Cognition was assessed via the participants’ most recent performance on the Mini-Mental State Examination (MMSE). The MMSE is a 30-point questionnaire that is widely used to evaluate the severity of cognitive impairment in individuals with cognitive disorders.²³ The questionnaire tests multiple cognitive domains, including orientation, attention and calculation, language, verbal memory, and visuospatial planning. Score cutoffs for the MMSE are as follows: greater than or equal to 24 for normal cognition, between 19 and 23 for MCI, between 10 and 18 for moderate cognitive impairment, and less than or equal to 9 for severe cognitive impairment.²⁴

Sleep Quality Assessment

Eligible participants and their family or caregivers were contacted via phone for sleep quality assessment; 52 participants (77.6%) gave verbal informed consent to participate in the study. Reasons for refusing consent included not wanting to share personal information over the phone (6 participants [40.0%]), inconvenient timing (3 participants [20.0%]), inaccessible after 3 or more attempts (3 participants [20.0%]), no longer following up with a clinician at Thomas Jefferson University Hospital (2 participants [13.3%]), and patient was deceased (1 participant [6.7%]). Sleep quality was assessed via 2 sleep questionnaires that have previously been validated (eAppendix in the Supplement).¹⁹^,25 We made certain that participants with MMSE scores less than 24 had at least 1 family member or caregiver present during the questionnaire to corroborate their responses; those with higher scores were also encouraged to respond jointly with family members to improve response accuracy.
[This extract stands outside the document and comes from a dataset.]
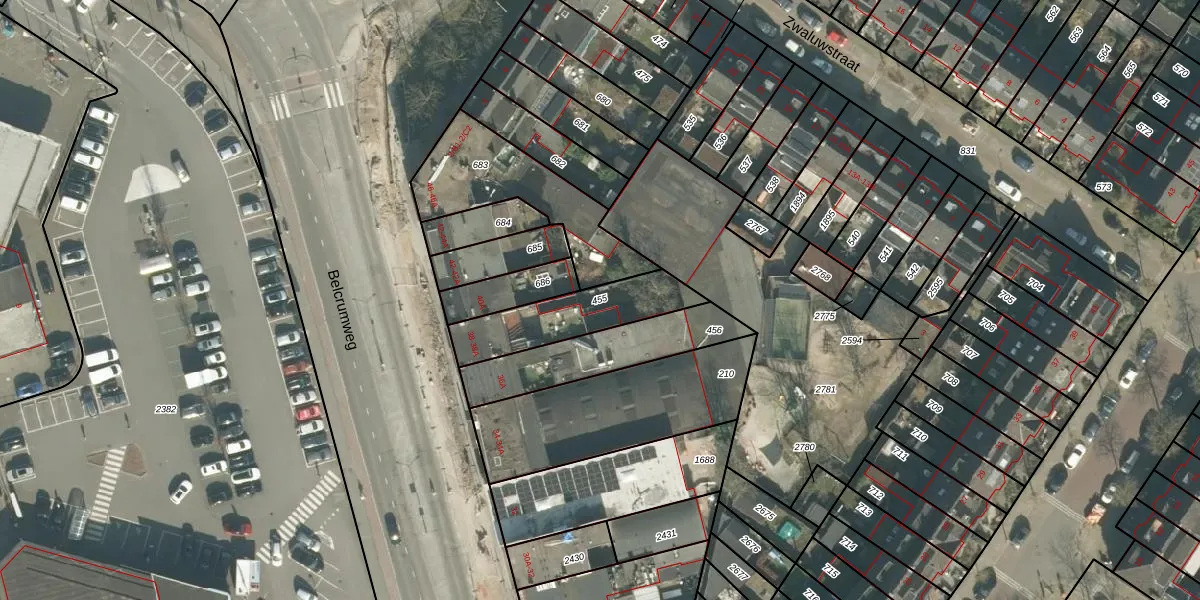 Gebruik de zoekbalk of klik op een perceel om informatie over het perceel te bekijken.

Brain Imaging and Regional Analysis

For Aβ PET imaging, participants were injected intravenously with fluorine 18–labeled florbetaben tracer (Neuraceq; Piramel Imaging), and imaging was performed approximately 60 minutes later as per a standard protocol using either PET–magnetic resonance imaging or PET–computed tomography. Image processing was performed using MIMNeuro software (version 6.6, MIM Software), and Aβ deposition in different brain regions was calculated via standardized uptake value ratio. Regions of interest (ROIs) were based on susceptibility to Aβ deposition¹⁹^,26 and included the anterior and posterior cingulate gyrus, medial frontal lobe, medial and lateral temporal lobe, precuneus, superior parietal lobe, thalamus, and brainstem.

Statistical Analysis

The deposition of Aβ across ROIs was analyzed via the Welch analysis of variance with the Games-Howell post hoc test, which helps to detect differences between samples with unequal variances. Associations between Aβ deposition, different sleep measures, and MMSE performance were analyzed via multiple linear regression. Data in regression analyses were modeled by least-squares regression lines, with each line having a slope equivalent to the regression coefficient (B), also known as regression weight. A Wald-type 95% CI for B was then calculated from the SE of the sampling distribution of data points from the slope of the regression line. The strength of association between variables of interest was determined by calculating the coefficient of determination (R²). Forward stepwise regression was used to control for potentially confounding variables; this multivariate regression method incorporates variables in stepwise fashion until the model fit is no longer significantly improved via the F-test. Therefore, variables that make statistically significant contributions to the multivariate regression are distinguished from those that do not. The problem of multiple comparisons was encountered when correlating data involving Aβ and was addressed via 2 methods: Bonferroni corrections for α levels and performing a limited number of planned comparisons for specific ROIs based on hypotheses. It is important to mention that Aβ deposition exhibits a high degree of collinearity across different cortical regions²⁷; therefore, corrections for multiple comparisons should be interpreted with caution because they can increase the risk of a type II error.²⁸ Comparative and regression analyses were performed using SPSS statistical software version 25 (IBM). Unless otherwise stated, 2-sided hypothesis testing was conducted, with type I error controlled at α = .05.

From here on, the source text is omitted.